SUPPLIED DATA:

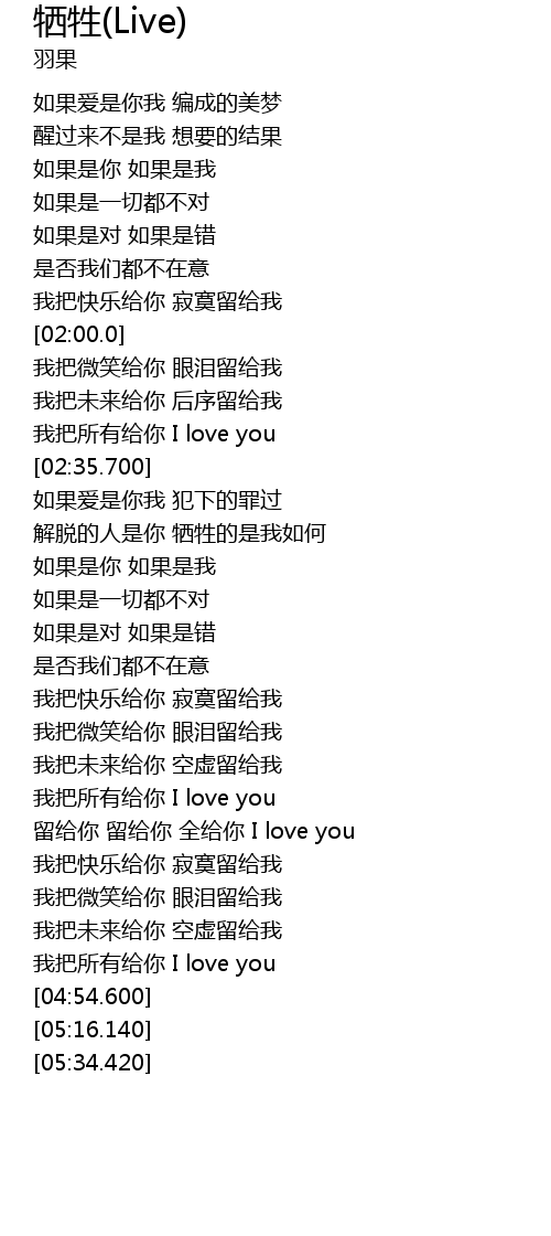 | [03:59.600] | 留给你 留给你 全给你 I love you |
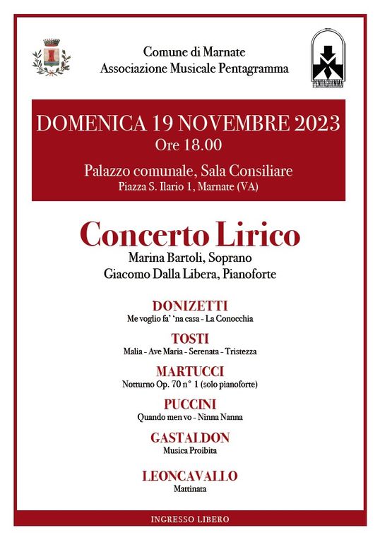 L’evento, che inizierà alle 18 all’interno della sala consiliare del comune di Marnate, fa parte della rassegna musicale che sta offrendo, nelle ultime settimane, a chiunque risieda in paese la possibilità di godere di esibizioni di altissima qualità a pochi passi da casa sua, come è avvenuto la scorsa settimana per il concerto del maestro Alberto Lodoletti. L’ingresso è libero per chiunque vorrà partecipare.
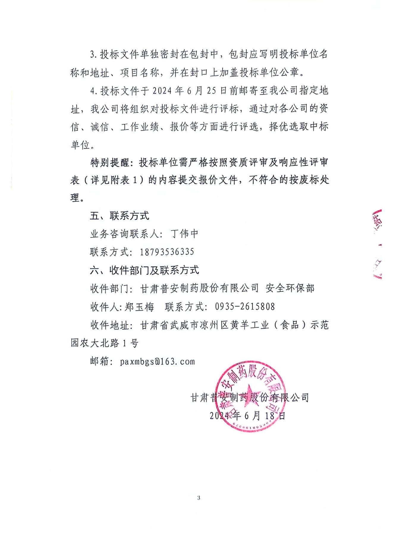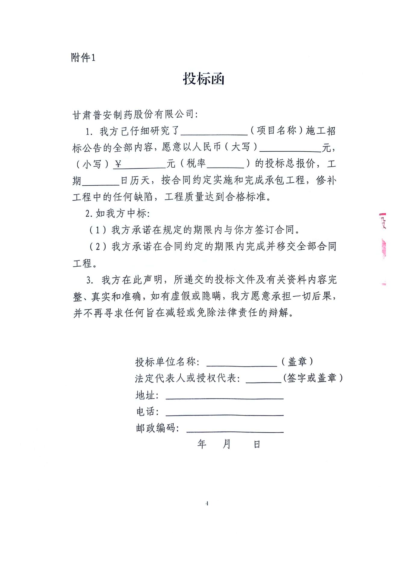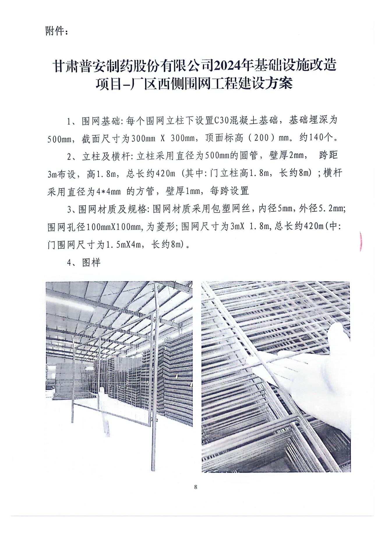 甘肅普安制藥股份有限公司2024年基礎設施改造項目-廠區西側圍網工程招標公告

WORK TO BE COMPLETED:
The data above must be copied exactly. Leave out the pictures.

THE ANSWER:
 | [03:59.600] | 留给你 留给你 全给你 I love you |
 L’evento, che inizierà alle 18 all’interno della sala consiliare del comune di Marnate, fa parte della rassegna musicale che sta offrendo, nelle ultime settimane, a chiunque risieda in paese la possibilità di godere di esibizioni di altissima qualità a pochi passi da casa sua, come è avvenuto la scorsa settimana per il concerto del maestro Alberto Lodoletti. L’ingresso è libero per chiunque vorrà partecipare.
 甘肅普安制藥股份有限公司2024年基礎設施改造項目-廠區西側圍網工程招標公告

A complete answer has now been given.